The comparative success of Disney+ is apparent in its budget. Both Netflix and Disney+ are betting big on long-term success, currently creating significant deficits in acquiring content. However, Disney+ is adding more subscribers and spending less on its programming, compared to Netflix (The Guardian).
A Google Trends graph showing interest in Disney+ TV show WandaVision in the first three months of its release. Four of the top five countries are non-native English speakers, and we can see wide global appeal.
4. A flexible international strategy
Due to its franchising potential and aggressive acquisition strategy, Disney has impressive flexibility in how it chooses to launch its services worldwide. For example, in India, where consumers are unwilling to pay high subscription prices, Disney has implemented a low-cost model where users pay around $1.20 a month. The brand’s acquisition of Fox’s Hotstar and accompanying sports coverage has allowed them to respond to the particularities of the Indian market and made India a stand-out success (the country accounts for 58.4 million of the 152 million global Disney+ subscribers). In contrast, Netflix has famously struggled to succeed in India.
5. Adaptive pricing
With Disney+’s subscriber growth, it’s important to remember the streamer still consistently loses Disney money, with the franchise investing significant amounts to win the streaming land grab. With competition in the streaming industry tighter than ever, investors are keen to see strategies that point to future profitability. It’s therefore unsurprising that the company recently announced plans to follow in Netflix’s footsteps and will introduce an advertising-supported tier and a subscription price hike by the end of the year.
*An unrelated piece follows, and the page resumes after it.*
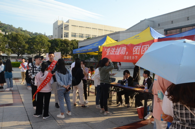 4月29日下午,公共管理学院联合鼓楼区人民法院团委于拓荒广场共同开展“普法援助,团团合作”普法宣传活动。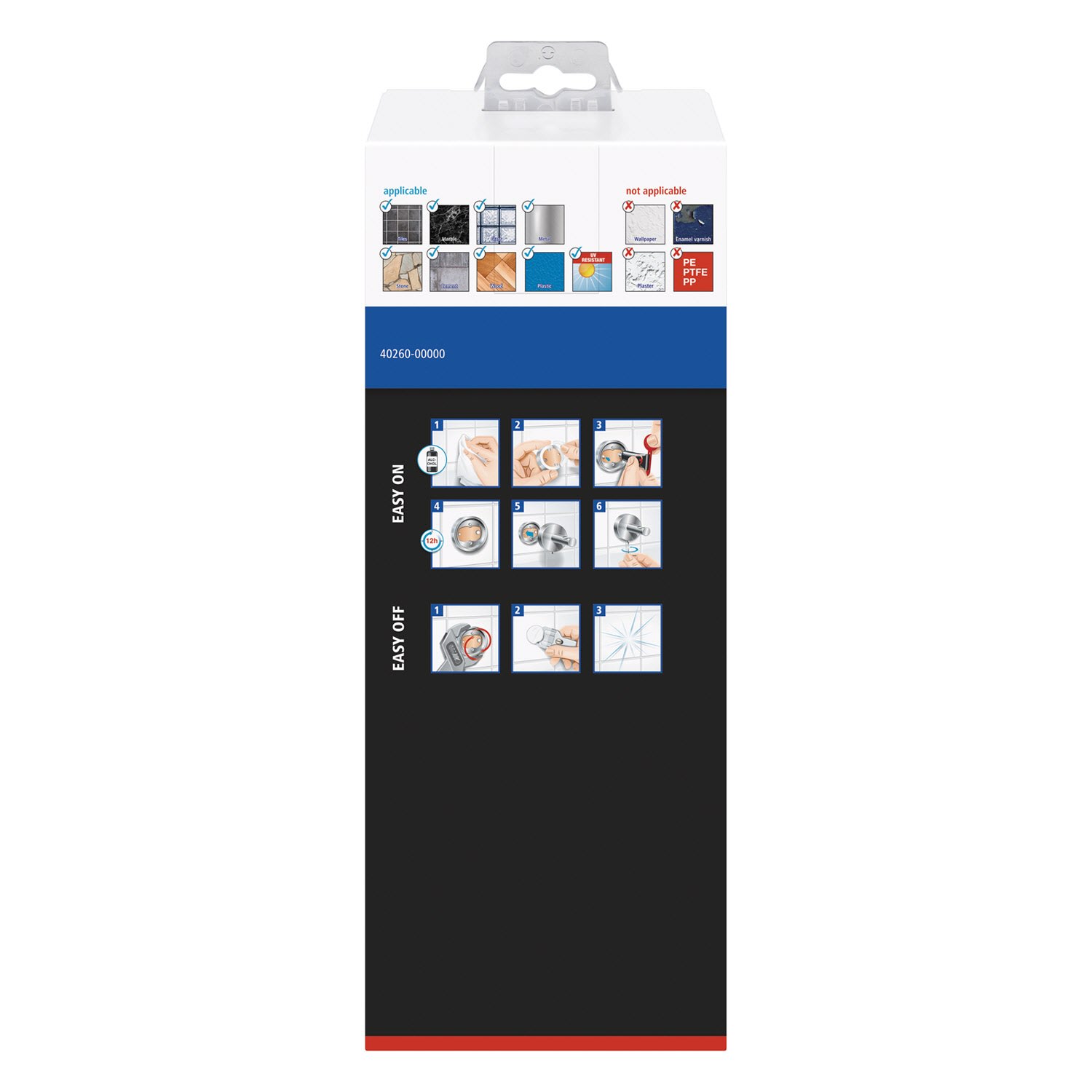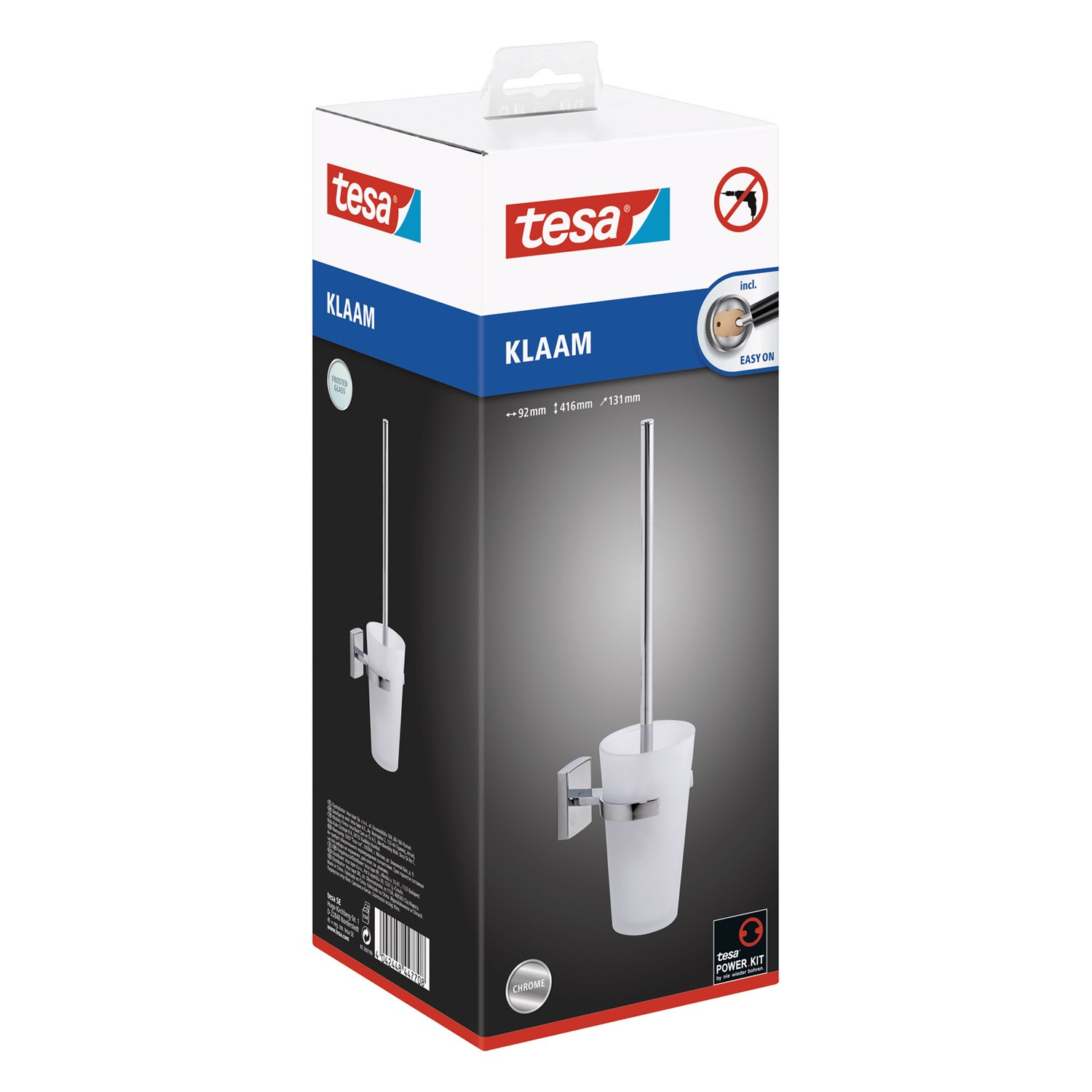 Satiniertes Glas und verchromter Edelstahl harmonisch kombiniert: WC-Bürstengarnitur mit Wandhalterung, Behälter und WC-Bürste - ein funktionales Werkzeug wird zum stilvollen Accessoire. Leistungsstarke, beständige Klebetechnologie, die keine Bohrlöcher hinterlässt: Der Toilettenbürstenhalter ist bis zu 6 kg belastbar - die Wände im Badezimmer bleiben dabei unbeschädigt. Unkomplizierte, saubere Wandmontage: Mit der tesa Power.Kit Technologie zur einfachen Befestigung an der Wand - ohne Bohrmaschine, ohne handwerkliche Vorkenntnisse, ohne den sonst anfallenden Schmutz

According to Digiday, Disney+ Basic, Disney’s new advertising-supported tier, “will debut on Dec. 8 and cost $7.99 per month”, the current price of a standard advertising-free subscription. To continue with an ad-free viewing experience, subscribers must find the extra money for a new $10.99 monthly subscription fee. While optionality is now a necessity for attracting subscribers amidst the streaming wars, it remains to be seen whether customers will consider the service worth the hike. The introduction of adverts at the existing price tier may lead to viewer churn.
Nevertheless, Disney+ Chief Executive Bob Chapek is optimistic about the move. “We are in a position of strength with record upfront advertising commitment,” he told industry analysts. Disney’s commitment to adaptive pricing suggests a sensitivity to market realities that will encourage the brand’s success.
Compare: Netflix’s ad plans and what good would look like
Summary
Record inflation, cost of living crises, and content fragmentation mean slow subscriber growth will remain a problem for streamers. Despite impressive growth figures, Disney is likely to experience a performance dip as it figures out its advertising model and adjusts to the loss of the Indian Cricket Premier League. However, the flexibility of its strategy, ability to pivot within its varied IP and ventures, and aggressive global rollout mean the company is in an envious position to continue bucking the downward trend.